A popular criticism is that Erdoğan should not exploit the German Turks. Federal President Steinmeier has done the same in Türkiye.

Federal President Steinmeier stands in front of a kebab skewer and cuts it

Failed gesture: Federal President Steinmeier in Istanbul Photo: Bernd von Jutrczenka/dpa

Germans like to queue for half an hour to eat their favorite kebab. As naturally as they complain about Deutsche Bahn when they arrive five minutes late. Because kebab is quality of life, lifestyle, philosophy of life. But kebab can also be stunning. This is the dialectic of kebab.

This is what you need to know if you want to understand the great enthusiasm generated by the gift from German President Frank-Walter Steinmeier on the occasion of his visit to Turkey. On his three-day trip he took Berlin restaurateur Arif Keleş with him and he in turn took his 60 kilo kebab skewer. At the reception at the German ambassador's summer residence in Istanbul's Tarabya district, Keleş showed his work to the public, including posing Steinmeier cutting kebab for the cameras, the gesture once iconized by Angela Merkel.

Reactions of shame and indignation predominated: the media called it “doner diplomacy” and the lawyer Seda Başay-Yıldız tweeted Like many others: “Speechless when they reduce you to a 'döner kebab'.” He represented the relatives of the victims of the far-right NSU murders, which for years were trivialized by the German public as “döner kebab murders.”
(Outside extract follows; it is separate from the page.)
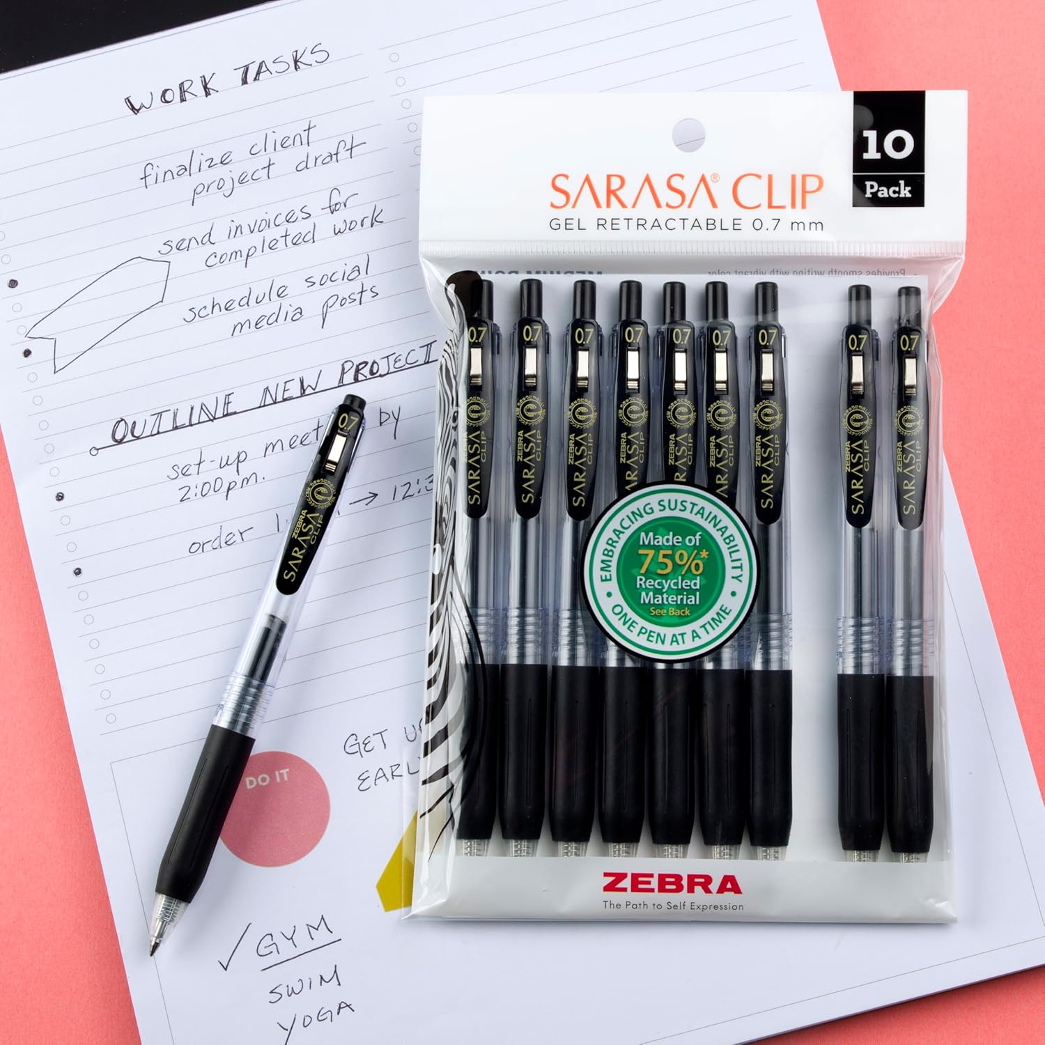 Zebra Pen Zebra SARASA Clip Gel Pens 0.7mm Black 10-Pack

Of course, the popular cultural asset Döner can be presented as a symbol of the German-Turkish success story, just as the creators of the gift idea intended. But is this appropriate, given the political environment in Germany, in which a party that does not want German Turks to return to the kebab skewer, but rather out of Germany altogether, is gaining enormous strength?

Why is Steinmeier “paying tribute” in Türkiye?
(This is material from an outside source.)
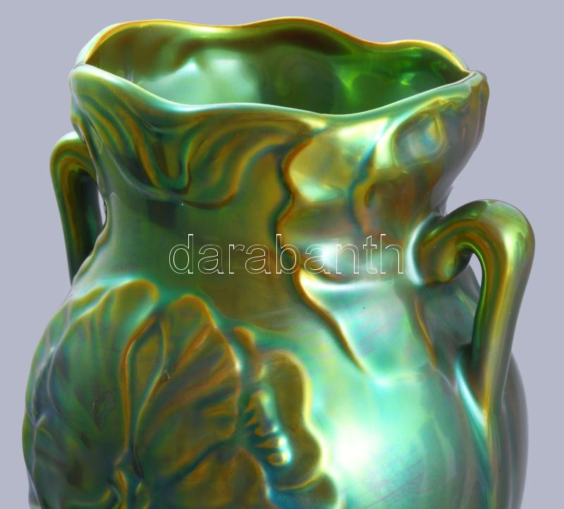 Leírás: Zsolnay eozin mázas váza. Jelzett, hibátlan, m: 22 cm

However justified this question may be due to the disappointment it entails, it has obscured other questions in the debate of recent days that are quite serious and are not intended to be rhetorical at all:

Why does Steinmeier “pay tribute” to the “lifelong achievements of Turkish immigrants in Germany” (“Tagesschau”) during a visit to Turkey when these “Turkish immigrants” and their descendants live in Germany? Why does she focus her visit to Turkey on this topic, which deals with diplomatic relations with a country to which today many Germans of Turkish origin only go on vacation? And why hasn't she yet sufficiently acknowledged her life's work?

“Today there are almost three million people of Turkish origin living in our country who help mold and shape our society. “They helped build our country, they made it strong and they belong to the heart of our society,” said the federal president at the beginning of his visit at the Sirkeci train station in Istanbul. Except that the people he was talking about left this train station heading to Germany more than 60 years ago.
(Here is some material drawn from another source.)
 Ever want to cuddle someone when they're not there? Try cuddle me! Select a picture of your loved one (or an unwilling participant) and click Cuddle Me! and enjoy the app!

After years of discord, Germany and Türkiye are getting closer again. German diplomacy wants this, especially with a view to the wars in the Middle East and Ukraine and Turkish influence in them. This was demonstrated by the friendly treatment the presidents gave each other during this visit. The problem: there are no common points beyond the economic relations to which they can refer.

Doner kebab, sliced ​​and twisted

The contrasting attitudes toward war in the Middle East are just the most striking example of this. Another example is Steinmeier's three visits to politicians from the opposition CHP. It has been a long time since anyone has talked about the incompatible ideas between democracy and human rights. A version of the history of German-Turkish migration in which its painful and degrading aspects no longer appear remains the only thing that a federal president has at his disposal to create closeness.

Every time Turkish President Recep Tayyip Erdoğan has tried to absorb German Turks in recent years, for example before the Turkish elections, German politicians have criticized him. He sees them as voting animals and bargaining chips that can be manipulated. He should not mix his political interests with their concerns. But now the German federal president has mixed both things.

What the kebab represents, whether it appears as a symbol of self-empowerment and autonomy or exploitation and racism, depends on the context in which it is shot, cut and consumed.

As if he had to justify their existence, Steinmeier emphasized in his speech at the Sirkeci train station that guest workers and their descendants “are now making a decisive contribution to our prosperity in four generations” – and added economic benefits to their political benefits. . Restaurateur Keleş responded to a journalist who asked him about the secret of his kebab: “The meat, the sauces, the mix of spices… and always working in a clean and disciplined way.”